Dataset extract:
==========

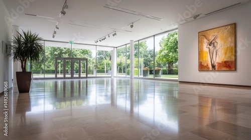interior, space, gallery, museum, architecture, modern, art, painting, exhibition, design, light, beige, floor, window, tree, green, daylight, polished, contemporary, empty, photographic, commercial, editorial, poster, hallway, open, clean, modernism, minimalist, elegant, image, background, empty space, copy space, interior design, display, lighting
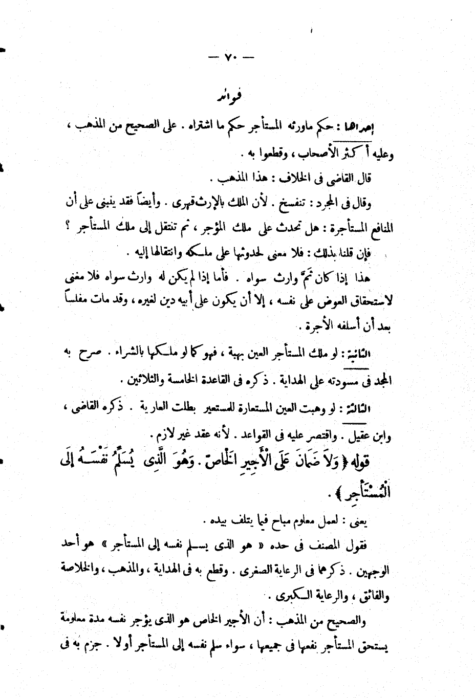 فَوَائِدُ: إحْدَاهَا: حُكْمُ مَا وَرِثَهُ الْمُسْتَأْجِرُ حُكْمُ مَا اشْتَرَاهُ. عَلَى الصَّحِيحِ مِنْ الْمَذْهَبِ، وَعَلَيْهِ أَكْثَرُ الْأَصْحَابِ، وَقَطَعُوا بِهِ. قَالَ الْقَاضِي فِي الْخِلَافِ: هَذَا الْمَذْهَبُ وَقَالَ فِي الْمُجَرَّدِ: تَنْفَسِخُ. لِأَنَّ الْمِلْكَ بِالْإِرْثِ قَهْرِيٌّ. وَأَيْضًا فَقَدْ يَنْبَنِي عَلَى أَنَّ الْمَنَافِعَ الْمُسْتَأْجَرَةَ: هَلْ تَحْدُثُ عَلَى مِلْكِ الْمُؤَجِّرِ، ثُمَّ تَنْتَقِلُ إلَى مِلْكِ الْمُسْتَأْجِرِ؟ فَإِنْ قُلْنَا بِذَلِكَ: فَلَا مَعْنَى لِحُدُوثِهَا عَلَى مِلْكٍ وَانْتِقَالِهَا إلَيْهِ. هَذَا إذَا كَانَ ثَمَّ وَارِثٌ سِوَاهُ. فَأَمَّا إذَا لَمْ يَكُنْ لَهُ وَارِثٌ سِوَاهُ فَلَا مَعْنَى لِاسْتِحْقَاقِ الْعِوَضِ عَلَى نَفْسِهِ، إلَّا أَنْ يَكُونَ عَلَى أَبِيهِ دَيْنٌ لِغَيْرِهِ، وَقَدْ مَاتَ مُفْلِسًا بَعْدَ أَنْ أَسْلَفَهُ الْأُجْرَةَ.
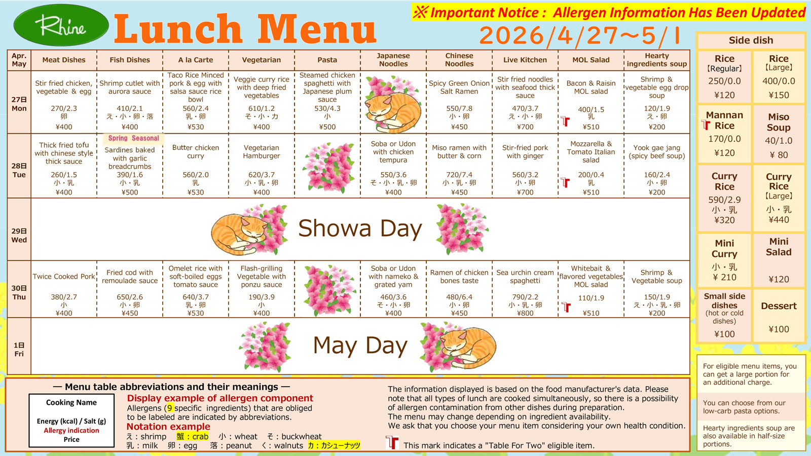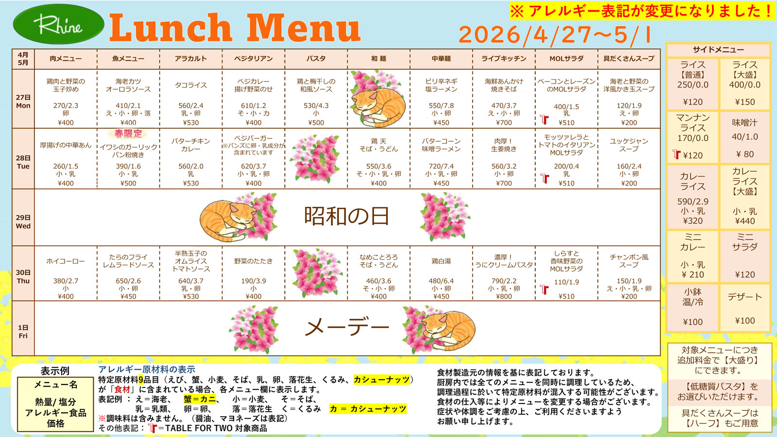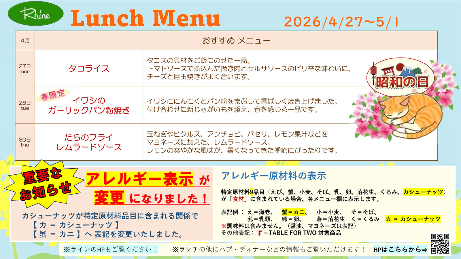 今週のおすすめメニュー 4/27~5/1 (11:30~13:30)
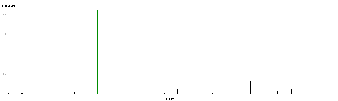 At the top of the view, the position of the antigen (identified by the corresponding HPA identifier) is shown as a green bar. A yellow triangle on the bar indicates a <100% sequence identity to the protein target.

==========

Instructions for the task:
The data above must be given back verbatim, minus its images.

Task response:
interior, space, gallery, museum, architecture, modern, art, painting, exhibition, design, light, beige, floor, window, tree, green, daylight, polished, contemporary, empty, photographic, commercial, editorial, poster, hallway, open, clean, modernism, minimalist, elegant, image, background, empty space, copy space, interior design, display, lighting
 فَوَائِدُ: إحْدَاهَا: حُكْمُ مَا وَرِثَهُ الْمُسْتَأْجِرُ حُكْمُ مَا اشْتَرَاهُ. عَلَى الصَّحِيحِ مِنْ الْمَذْهَبِ، وَعَلَيْهِ أَكْثَرُ الْأَصْحَابِ، وَقَطَعُوا بِهِ. قَالَ الْقَاضِي فِي الْخِلَافِ: هَذَا الْمَذْهَبُ وَقَالَ فِي الْمُجَرَّدِ: تَنْفَسِخُ. لِأَنَّ الْمِلْكَ بِالْإِرْثِ قَهْرِيٌّ. وَأَيْضًا فَقَدْ يَنْبَنِي عَلَى أَنَّ الْمَنَافِعَ الْمُسْتَأْجَرَةَ: هَلْ تَحْدُثُ عَلَى مِلْكِ الْمُؤَجِّرِ، ثُمَّ تَنْتَقِلُ إلَى مِلْكِ الْمُسْتَأْجِرِ؟ فَإِنْ قُلْنَا بِذَلِكَ: فَلَا مَعْنَى لِحُدُوثِهَا عَلَى مِلْكٍ وَانْتِقَالِهَا إلَيْهِ. هَذَا إذَا كَانَ ثَمَّ وَارِثٌ سِوَاهُ. فَأَمَّا إذَا لَمْ يَكُنْ لَهُ وَارِثٌ سِوَاهُ فَلَا مَعْنَى لِاسْتِحْقَاقِ الْعِوَضِ عَلَى نَفْسِهِ، إلَّا أَنْ يَكُونَ عَلَى أَبِيهِ دَيْنٌ لِغَيْرِهِ، وَقَدْ مَاتَ مُفْلِسًا بَعْدَ أَنْ أَسْلَفَهُ الْأُجْرَةَ.
 今週のおすすめメニュー 4/27~5/1 (11:30~13:30)
 At the top of the view, the position of the antigen (identified by the corresponding HPA identifier) is shown as a green bar. A yellow triangle on the bar indicates a <100% sequence identity to the protein target.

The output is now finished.